Erosion rates in a micro-flume

Micro flume, 58.6 cm x 5.6 cm x 0.7 cm (length - height - width), with dye in the flow

Establishing a relationship between flow conditions and erosion rate for my experimental landforms would be very nice to have. It is, however, difficult to obtain quantitative information on flow conditions in the larger basin. I had tried a few dye tracing experiments to get at flow depth, but determining stream width and velocity, or even establishing an overall flow rate at a point on the surface required making a few too many assumptions. I could see that flow depths were very thin, but direct measurement was very nearly impossible. So I resorted to using a very narrow flume, and mimicked the approximate flow conditions in my larger tank.

Ideally, I wanted a relationship between bed shear stress and erosion rate. I started off thinking that I could use a moveable outlet to invigorate erosion in the flume, sprinkle mist over the surface, and measure flow depth, bed surface slope, and integrated flow at the outlet of the flume. During construction, however, I realized I could tilt the flume on a rotating platform and obtain an instantaneous increase in slope over the entire profile. Further, imposing a constant flow rate at the upstream end of the flume simplified the calculation of shear stress. I also wanted a very narrow flume to ensure that the channel width was fixed. More on channel width later...
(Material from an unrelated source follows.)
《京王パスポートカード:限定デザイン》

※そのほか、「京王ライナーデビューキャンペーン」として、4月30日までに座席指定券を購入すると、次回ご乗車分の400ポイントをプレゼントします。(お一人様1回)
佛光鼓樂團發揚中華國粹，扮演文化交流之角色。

During initial tests with a small flume, I varied rotation magnitudes at fixed flow rates, and used a substrate of 45 micrometer silica flour (F250 Silcosil). I found, to my delight, that the small size made it very easy to manage. I also discovered that it is very easy to develop knickpoints in the flume by tilting the flume past a critical velocity-depth threshold. In fact, too easy. I wanted to develop a nearly linear bed profile. Knickpoint development and propagation is a very interesting phenomenon to study, but I wanted to get at substrate resistance, without complications surrounding knickpoint dynamics (flow separation, scour, deposition, etc.). For determination of erosion rate as a function of shear stress, I restrained myself to small rotations, and the development of nearly linear profiles.

So, to determine the erosion rate, I took digital photographs from the side of the flume, collected photocoordinates of the bed profile, and converted them to ground coordinates using known ground reference coordinates that appeared in the photo (a simple 2-D conformal transformation). I then numerically integrated the area under the profile over a fixed distance (~90% of the flume length), and divided by the distance to get an average profile height. By differencing sequential average heights, and dividing by separation time, I calculate an erosion rate. I performed this calculation on photographics pairs, one taken immediately after rotation, and another some time later.
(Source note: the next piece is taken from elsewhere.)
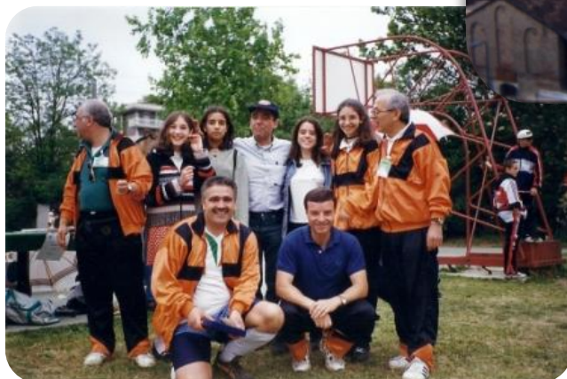
La 1° squadra di pallavolo femminile

To obtain a shear stress requires measurement of bed slope and normal water depth. To get the bed slope, I fit each profile with a linear function to get the profile-averaged slope. I then averaged the slope of the profiles. To obtain the depth, I initially measured the depth of flow with a clear plastic mm scale ruler, guessing to the nearest 0.01 cm. A problem arises here. The water surface develops a meniscus (~0.15 cm) at the wall of the flume. How do I get the depth? I could see from light refraction a bright upper and lower edge to the flow, with a thin clear band of flow between the bright edges. I measured the clear band to the bottom of the lower bright edge. The problem arises for runs conducted at low flow rates, where no clear band appeared on the flume wall. So, I started taking flow depths in the channel center with a point guage--more time consuming but a more precise measurement. These measurements are not normal to the bed--they measure the vertical depth. In order to use depth measurements taken at side of the flume, I measured depth with the point guage and with a ruler on the side of the flume, determined a linear fit between the two methods, and tranformed ruler measurements to point guage measurements. The relation between the two is not very satisfying, and I don't intend to use this method again, but at least it allows me to use measured depths from runs without point guage measurements...I took depth measurements at 10 cm intervals, and averaged the depths.
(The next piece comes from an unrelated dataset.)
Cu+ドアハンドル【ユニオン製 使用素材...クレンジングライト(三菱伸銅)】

So, after much averaging, what kind of relation do I get?

Not a very impressive correlation coefficient. Seems to work for slopes<0.05, but very noisy beyond that.

What about stream power? Well, it looks like erosion rates increase with stream power, but again, a rather noisy relation, and with troubling differences in the intercepts and trends between runs (discharge varied between runs: 1.1, 3.5, and 8.4 ml/s for runs 8, 10, and 11 respectively). This is kind of interesting, in that stream power has been proposed as a model for an erosion rate law. Clearly, a different 'law' is required for each discharge. This would seem to limit the applicability of stream power as a universal 'law' for determining erosion rate...

Clearly, slope alone, or slope-discharge product capture some trend, but an additional variable is contoured, if you will, on the stream power diagram. So let's see how bed shear stress for normal flow conditions works...

By golly, Wally, this seems to be the trick! I fit a linear trend to the data points, and out pops the empirical erosion rate law as a function of shear stress...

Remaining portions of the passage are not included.